— WORK INSTRUCTION —
All that is wanted is the lines from the first line of the listing below through the line containing "Ako se posmatraju", written out exactly with pictures left out.

— MATERIAL PROVIDED —
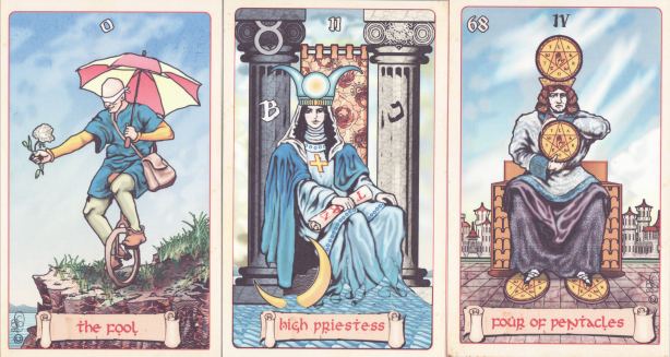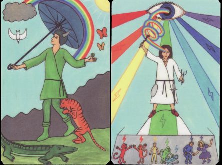 23 February 2009 I have now acquired a copy of the Tarocchi Buddhisti, issued in 1995 in Turin by the Libreria Editrice Psiche. This was created by three people, Sandra Parolin, Paravarto Viglierco and Gianpaolo Fiorentini. It is not a standard tarot, as it has 33 cards and though some cards echo the image of the Tarot, others are entirely different in conception. The first 22 cards are emblematic, but the final group of 11 follow a different symbol structure. I am not entirely sure what is essentially Buddhistic about the imagery on the cards. It supposedly maps out the path of liberation in Buddhism, and the cards were not intended to be used for fortune telling but for exploring the path to enlightenment. Here are three of the cards which reflect tarot imagery.
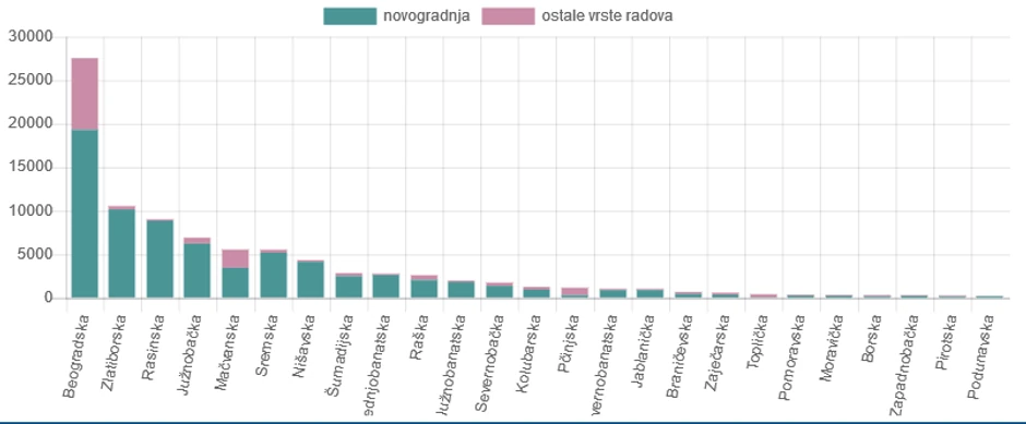 Ako se posmatraju samo zgrade, 79,0 odsto dozvola izdato je za stambene, a 21,0 odsto za nestambene zgrade, dok se kod ostalih građevina najveći deo odnosi na cevovode, komunikacione i električne vodove (75,4 odsto), piše Republički zavod za statistiku.
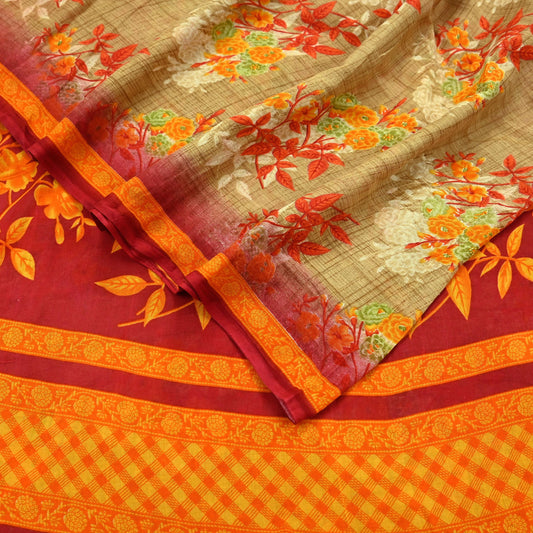 Indian Vintage Red & Beige Saree Printed 100% Pure Cotton Sari Craft Fabric 5Yd Soft Sewing Sarong Wrap Dress Making Quilting Crafting

— EXERCISE ANSWER —
 23 February 2009 I have now acquired a copy of the Tarocchi Buddhisti, issued in 1995 in Turin by the Libreria Editrice Psiche. This was created by three people, Sandra Parolin, Paravarto Viglierco and Gianpaolo Fiorentini. It is not a standard tarot, as it has 33 cards and though some cards echo the image of the Tarot, others are entirely different in conception. The first 22 cards are emblematic, but the final group of 11 follow a different symbol structure. I am not entirely sure what is essentially Buddhistic about the imagery on the cards. It supposedly maps out the path of liberation in Buddhism, and the cards were not intended to be used for fortune telling but for exploring the path to enlightenment. Here are three of the cards which reflect tarot imagery.
 Ako se posmatraju samo zgrade, 79,0 odsto dozvola izdato je za stambene, a 21,0 odsto za nestambene zgrade, dok se kod ostalih građevina najveći deo odnosi na cevovode, komunikacione i električne vodove (75,4 odsto), piše Republički zavod za statistiku.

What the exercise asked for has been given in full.